Eduprobe
Question:
Let f be a real-valued function defined on the interval (0, ∞) by f(x) = ln x + ∫₀ˣ √(1 + sin t) dt, then which of the following statement(s) is(are) true?
f''(x) exists for all x ∈ (0, ∞)
There exists α > 1 such that |f'(x)| < |f(x)| for all x ∈ (α, ∞)
f(x) exists for all x ∈ (0, ∞) and f' is continuous on (0, ∞), but not differentiable on (0, ∞)
There exists β > 0 such that |f(x)| + |f'(x)| ≤ β for all x ∈ (0, ∞)
Solution:
Option A: f(x) = ln x + ∫₀ˣ √(1 + sin t) dt
f'(x) = 1/x + √(1 + sin x)
f''(x) = -1/x² - cos x / (2(1 + sin x)^1.5)
f''(x) doesn't exist for values in which sin x = -1
Option B: It can be seen from the given definition that f(x) exists for the given interval.
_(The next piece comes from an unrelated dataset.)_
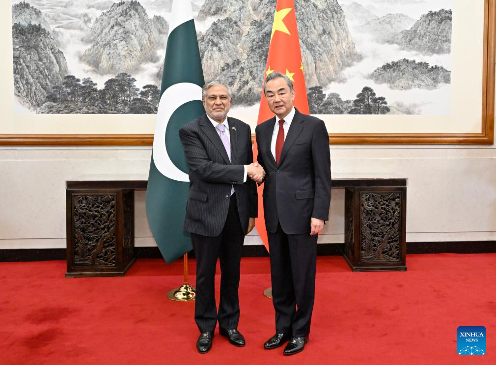 Chinese Foreign Minister Wang Yi, also a member of the Political Bureau of the Communist Party of China Central Committee, and Pakistani Deputy Prime Minister and Foreign Minister Mohammad Ishaq Dar attend the fifth round of the China-Pakistan Foreign Ministers' Strategic Dialogue in Beijing, capital of China, May 15, 2024. (Xinhua/Yin Bogu)
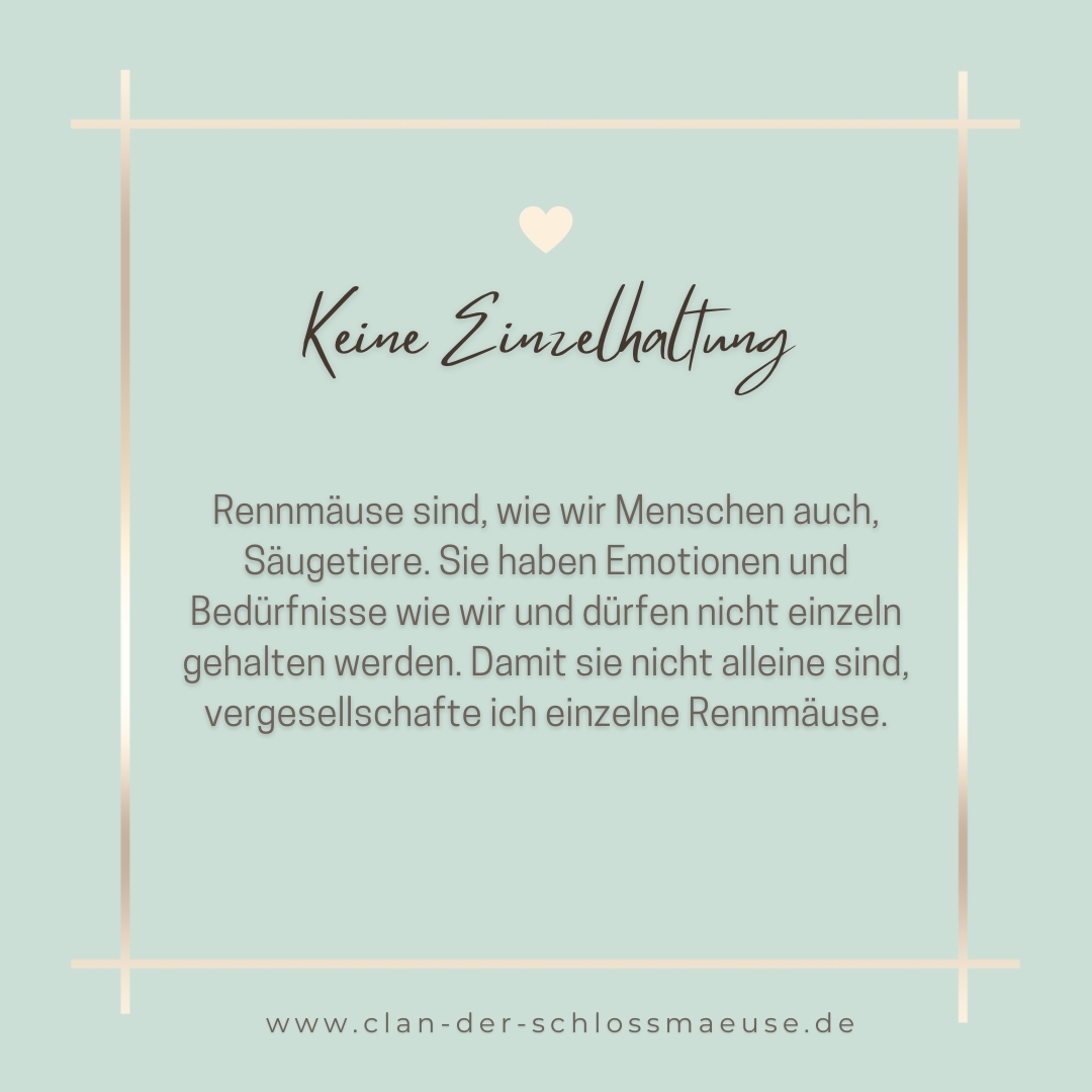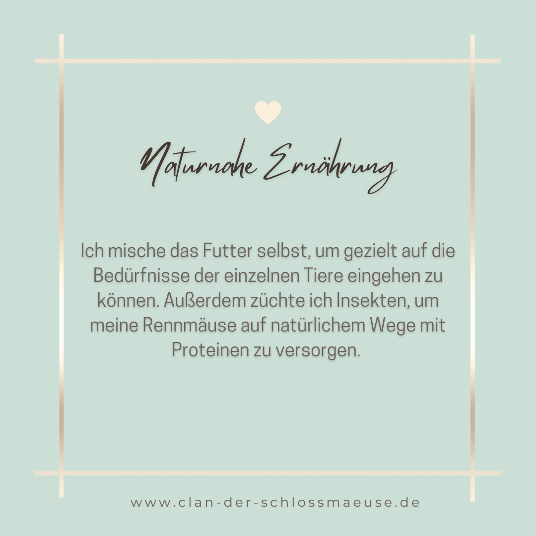 Dabei ist mir bewusst, dass ich mit der DNA der Art hantiere und lege deshalb auf das gesamte Umfeld Wert, mit dem die Rennmäuse in Kontakt kommen. Sie dürfen sich hier als Tiere mit ihren individuellen Bedürfnissen  wohlfühlen.

Also f'(x) is continuous in the given interval, it can be observed by the above f'(x) calculations. f'(x) is not differentiable because f''(x) doesn't exist at points where sin x = -1 in the given interval.
Option C: Now consider f(x) - f'(x) = [∫₀ˣ √(1 + sin t) dt - √(1 + sin x)] + ln x - 1/x
f'(x) = 1/x + √(1 + sin x) ≤ √2
The maximum value of f'(x) is √2. So, there exists some α for which f'(x) < f(x)
f'(x) is bounded whereas f(x) is an increasing function (unbounded), after some value of x, f(x) will be dominating f'(x)
Hence, option B and C.